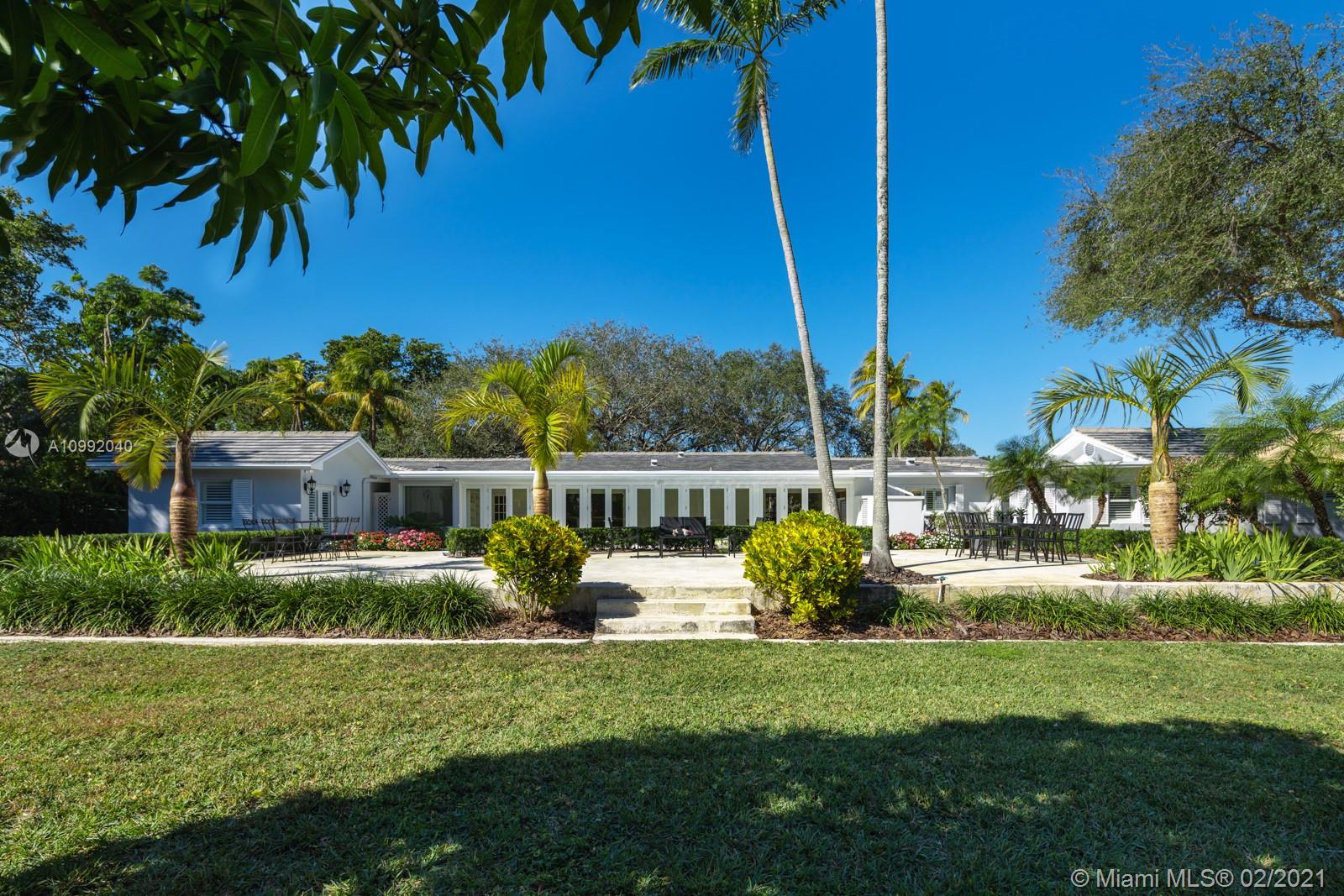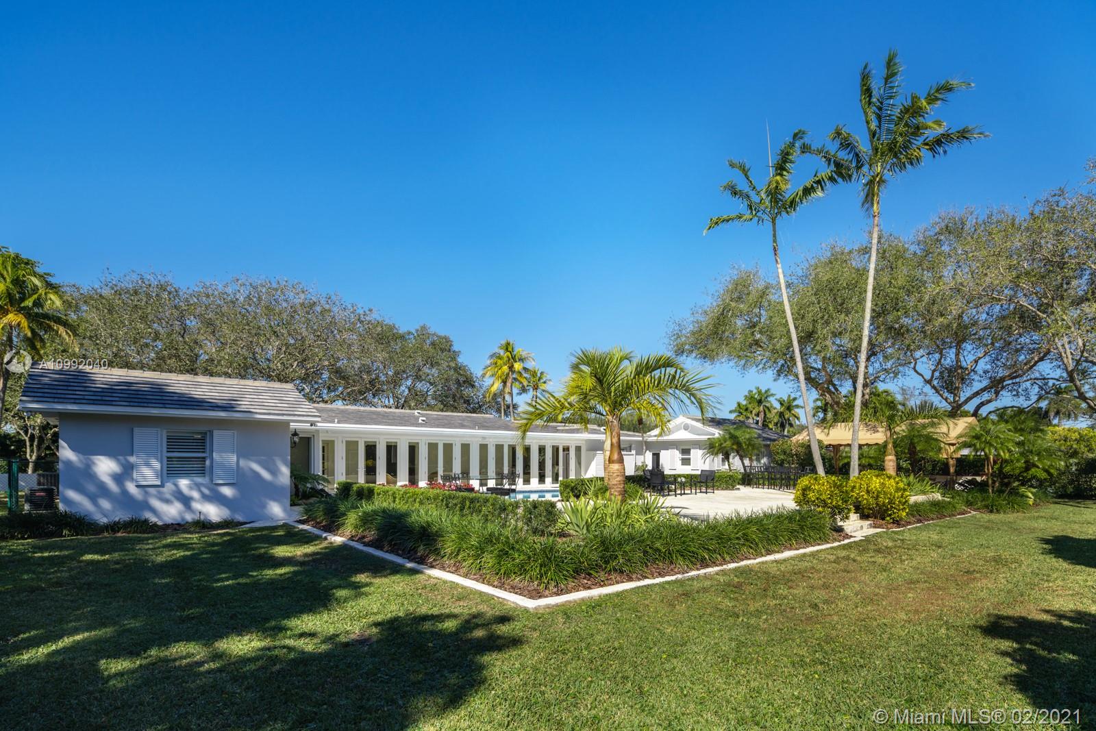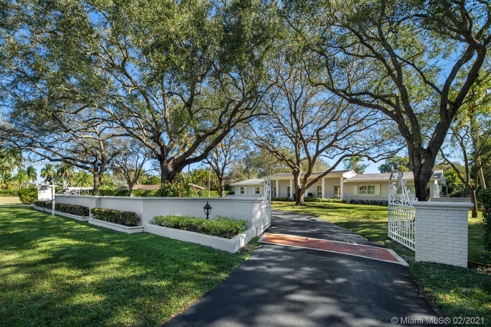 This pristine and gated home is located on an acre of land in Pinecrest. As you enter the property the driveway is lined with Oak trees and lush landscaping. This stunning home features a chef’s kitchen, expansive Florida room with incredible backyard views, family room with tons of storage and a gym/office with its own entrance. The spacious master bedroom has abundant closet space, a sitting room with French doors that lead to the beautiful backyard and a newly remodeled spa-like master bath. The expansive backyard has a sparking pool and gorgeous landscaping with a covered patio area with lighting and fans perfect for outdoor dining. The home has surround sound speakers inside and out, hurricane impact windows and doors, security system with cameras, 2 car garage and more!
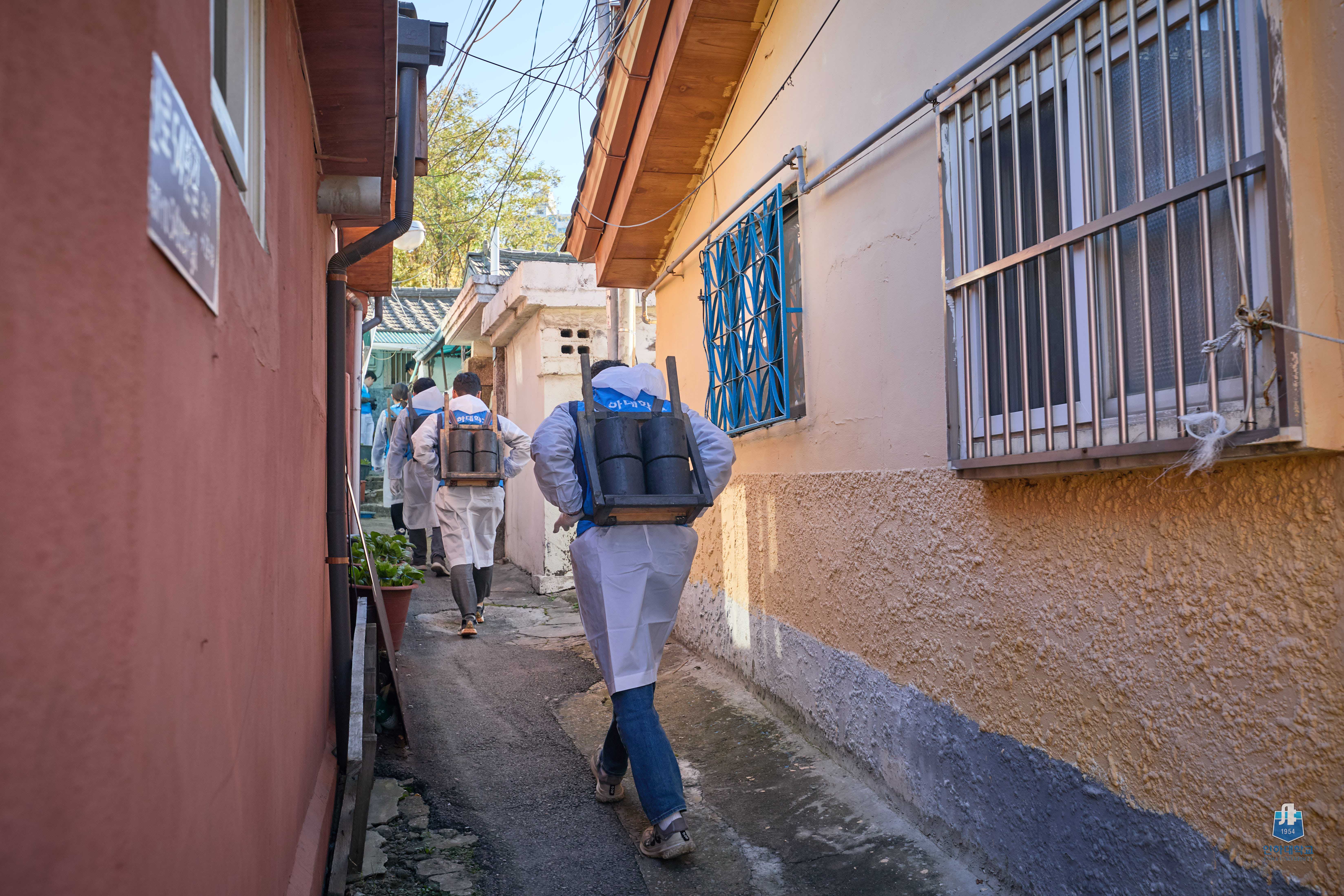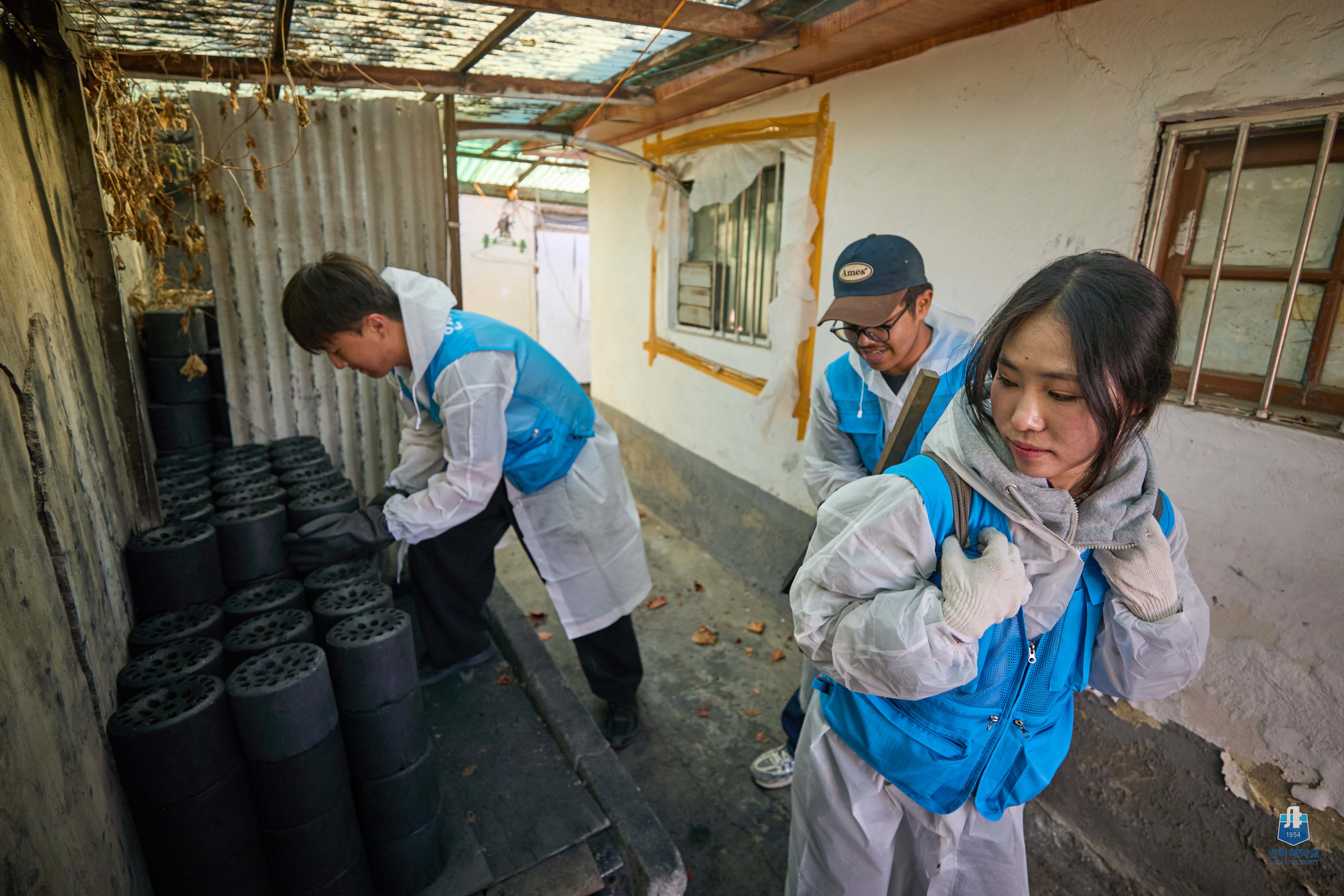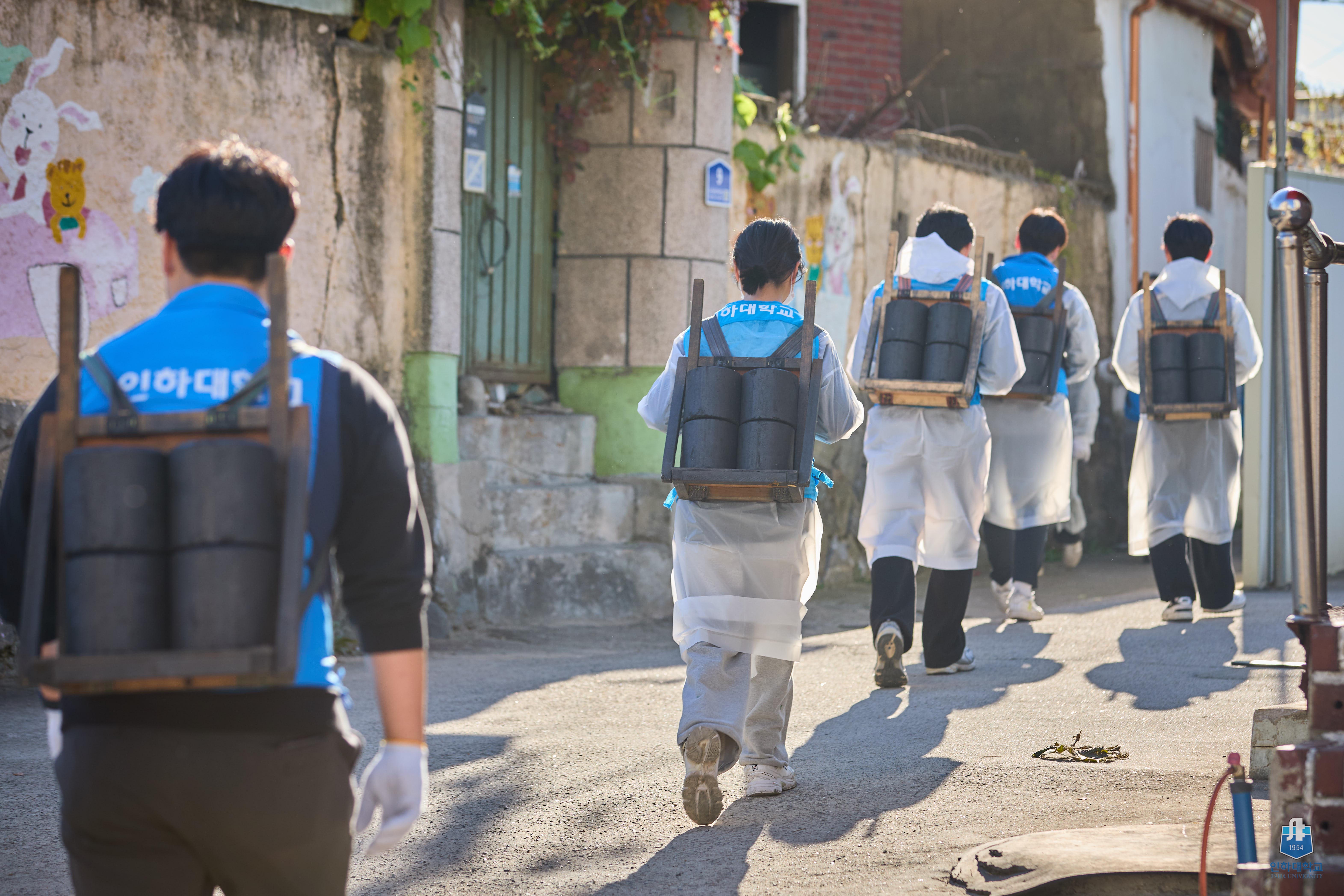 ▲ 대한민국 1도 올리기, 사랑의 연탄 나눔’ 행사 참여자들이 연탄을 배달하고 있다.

...

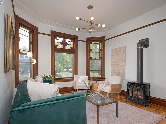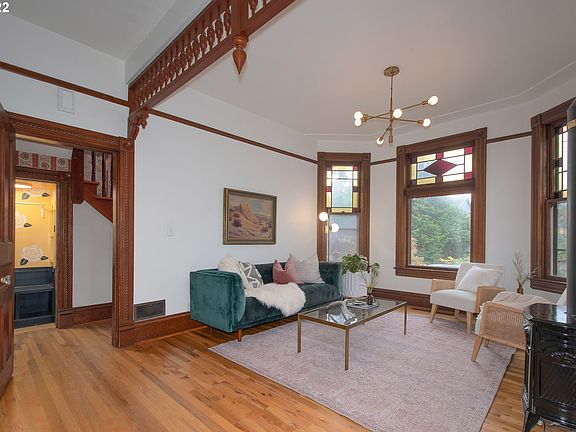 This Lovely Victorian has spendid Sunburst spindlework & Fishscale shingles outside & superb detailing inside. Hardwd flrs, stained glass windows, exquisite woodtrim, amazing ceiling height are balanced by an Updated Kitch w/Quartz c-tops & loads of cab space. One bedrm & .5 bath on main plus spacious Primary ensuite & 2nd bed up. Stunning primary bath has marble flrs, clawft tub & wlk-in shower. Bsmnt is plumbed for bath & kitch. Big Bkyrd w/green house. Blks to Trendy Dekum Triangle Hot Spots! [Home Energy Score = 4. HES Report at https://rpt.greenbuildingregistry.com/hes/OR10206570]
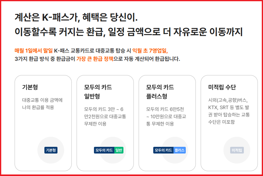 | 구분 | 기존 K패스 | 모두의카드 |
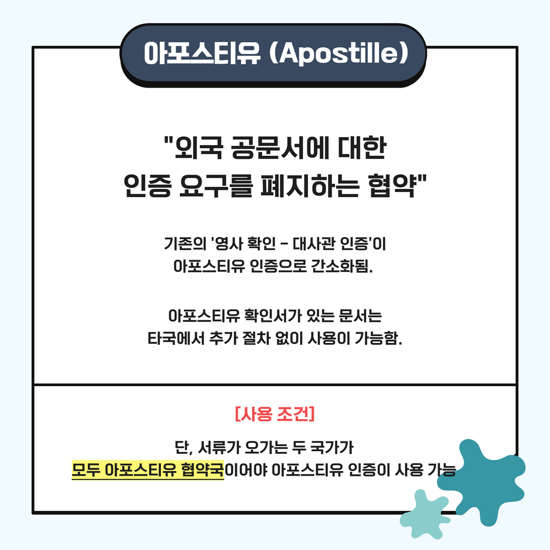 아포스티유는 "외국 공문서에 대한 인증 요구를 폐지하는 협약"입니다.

...

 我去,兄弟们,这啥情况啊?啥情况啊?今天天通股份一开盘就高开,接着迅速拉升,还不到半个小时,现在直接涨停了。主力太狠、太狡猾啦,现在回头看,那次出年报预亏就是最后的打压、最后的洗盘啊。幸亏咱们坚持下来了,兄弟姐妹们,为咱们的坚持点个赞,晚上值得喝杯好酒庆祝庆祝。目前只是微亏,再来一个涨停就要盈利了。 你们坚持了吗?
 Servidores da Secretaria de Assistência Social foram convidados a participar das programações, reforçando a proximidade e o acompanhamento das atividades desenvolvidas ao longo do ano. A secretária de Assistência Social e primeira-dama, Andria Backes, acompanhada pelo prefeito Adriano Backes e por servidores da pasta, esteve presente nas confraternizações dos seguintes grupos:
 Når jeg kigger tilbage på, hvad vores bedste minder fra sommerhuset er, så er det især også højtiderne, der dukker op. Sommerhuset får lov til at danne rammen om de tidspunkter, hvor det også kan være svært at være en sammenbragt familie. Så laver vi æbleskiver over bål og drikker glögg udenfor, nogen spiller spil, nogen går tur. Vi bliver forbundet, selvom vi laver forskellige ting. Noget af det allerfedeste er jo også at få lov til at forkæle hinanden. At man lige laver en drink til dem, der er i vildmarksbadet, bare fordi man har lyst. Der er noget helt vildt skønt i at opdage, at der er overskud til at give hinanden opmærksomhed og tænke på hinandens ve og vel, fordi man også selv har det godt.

Directions for this task
Repeat, character for character, the lines of the material above from the line with "Servidores da Secretaria" through the line with "Når jeg kigger".

Answer to this problem
 Servidores da Secretaria de Assistência Social foram convidados a participar das programações, reforçando a proximidade e o acompanhamento das atividades desenvolvidas ao longo do ano. A secretária de Assistência Social e primeira-dama, Andria Backes, acompanhada pelo prefeito Adriano Backes e por servidores da pasta, esteve presente nas confraternizações dos seguintes grupos:
 Når jeg kigger tilbage på, hvad vores bedste minder fra sommerhuset er, så er det især også højtiderne, der dukker op. Sommerhuset får lov til at danne rammen om de tidspunkter, hvor det også kan være svært at være en sammenbragt familie. Så laver vi æbleskiver over bål og drikker glögg udenfor, nogen spiller spil, nogen går tur. Vi bliver forbundet, selvom vi laver forskellige ting. Noget af det allerfedeste er jo også at få lov til at forkæle hinanden. At man lige laver en drink til dem, der er i vildmarksbadet, bare fordi man har lyst. Der er noget helt vildt skønt i at opdage, at der er overskud til at give hinanden opmærksomhed og tænke på hinandens ve og vel, fordi man også selv har det godt.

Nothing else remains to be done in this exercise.